We can’t talk about design systems at Phenomenon without showing you Isora – a live example of what happens when you build with a system from the start.

Isora is a governance and compliance platform used by over 20% of major U.S. research universities. When we started the redesign, we built the design system in parallel with the first epics.
We started with the foundation: colour tokenization. Instead of naming palettes “Blue” or “Red,” we used abstract names like “Berlin” or “Tokyo.” Why? If Isora’s brand colour shifts from blue to green tomorrow, the system adapts without breaking. We built it to be future-proof.
Then we tokenized everything else: spacing, border radii, typography, and effects. Every design variable became a reusable token. We standardized sizing in REM units so developers could apply values directly without conversion, eliminating extra work and reducing errors.

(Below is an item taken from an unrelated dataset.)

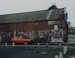 The UDA in Sandy Row had garnered a reputation for the unruly and drunken nature of its members with a "day of action" on 7 February 1973 organised by the Ulster Vanguard and the Loyalist Association of Workers descending into chaos in the area. With few becoming involved in a proposed withdrawal of labour, the local UDA undertook a series of assaults and car burnings, before setting fire to a shop on the corner of Sandy Row. They then shot at the fire brigade when they arrived, killing Brian Douglas, a Protestant fireman, and precipitating a night of rioting and violence in both the south and east of the city.[15] The group also attacked nearby Durham Street, killing two Catholics from the area in quick succession in March 1973.[16] Robert Fisk, who worked as the Belfast correspondent for The Times from 1972–75, suggested that the Sandy Row UDA was one of the most bellicose of all the paramilitary units in Belfast during this period.[5] Henry McDonald and Jim Cusack confirmed this, declaring that the Sandy Row and Donegall Pass UDA were almost out of control at the time, with both its men and women inured to killings and beatings.[17]
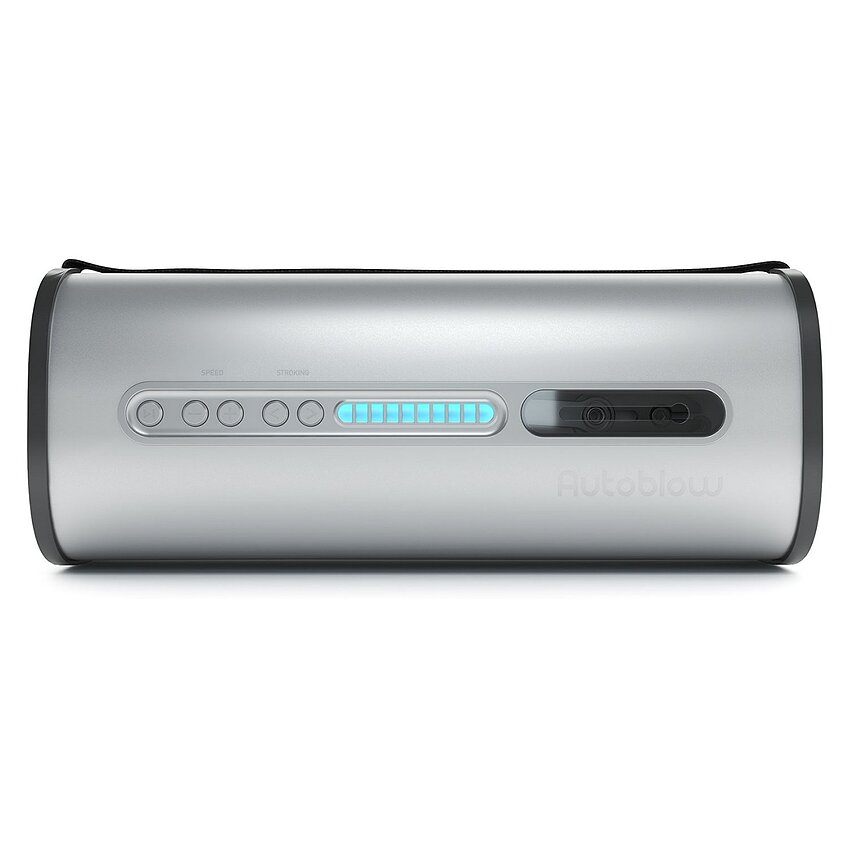 Mașina profesională Autoblow VacuGLIDE, carcasă din aluminiu extrudat, greutate robustă, trei mărimi de receptoare și reglaj al distanței de mișcare. Valve electronice pentru ajustare a nivelului de aspirație. Livrată cu rucsac discret; funcționare silențioasă.

We used an atomic approach: buttons and inputs (atoms) combined into form fields (molecules), which scaled into entire dashboards (organisms). Every component was built for reuse and documented in Storybook, a mirror of the Figma design system that developers could integrate directly into code.
Ruslan explains what happened once the design system was ready:
“From that point on, life got easier. There’s now a clear division between the concept phase and implementation. During the concept phase, we brainstorm each new feature using ready-made system components, not afraid to adapt them to the feature’s needs. After polishing and approving concepts, they move to final layouts. And at this stage, we add an extra constraint: how to transfer our concepts to the final version using as many ready-made elements as possible. This approach gives us +50% to time-to-market.”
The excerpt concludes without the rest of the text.